The effect of host inflammation on malaria parasite growth in vivo
Mrs Lianne Lansink
It has become increasingly apparent that asexual intra-erythrocytic Plasmodium parasites can sense and respond to environmental changes in the mammalian host, for example, in nutrient availability. We previously reported host-mediated slowing of the intra-erythrocytic developmental cycle (IDC) during P. berghei ANKA infection in mice. Here, we hypothesized that host pro-inflammatory responses themselves could induce impaired maturation.

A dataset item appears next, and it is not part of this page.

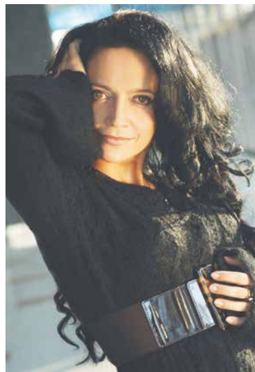
■ Zpěvačka Lucie Bílá odvolala v souvislosti s šířením koronaviru několik svých koncertů. Lidé se ale na ni mohou těšit na podzim, kdy vystoupí ve Znojmě během vinobraní.

Po dobu uzavření Turistického informačního centra Obroková lze provést nákup vstupenek pouze on-line.

Consistent with this, systemic treatment of mice with LPS, but not CpG or Poly I:C, triggered impaired in vivo maturation of parasites, which correlated with plasma TNF/IFNγ levels. In vitro culturing experiments suggested the presence of an inhibitory factor in plasma from LPS-treated, or acutely-infected mice. To study responses to host inflammation by heterogeneous, asynchronous, populations of Plasmodium parasites, we constructed a Plasmodium single-cell RNA-seq reference atlas in rag1-/- mice that lack pro-inflammatory responses. Lineage tracing reconstructed a circular progression from early to mature stages, and suggested greater transcriptomic plasticity in ring stages than in schizonts. Ongoing scRNAseq studies will compare the transcriptomic responses of parasites in the presence or absence of a host inflammatory response.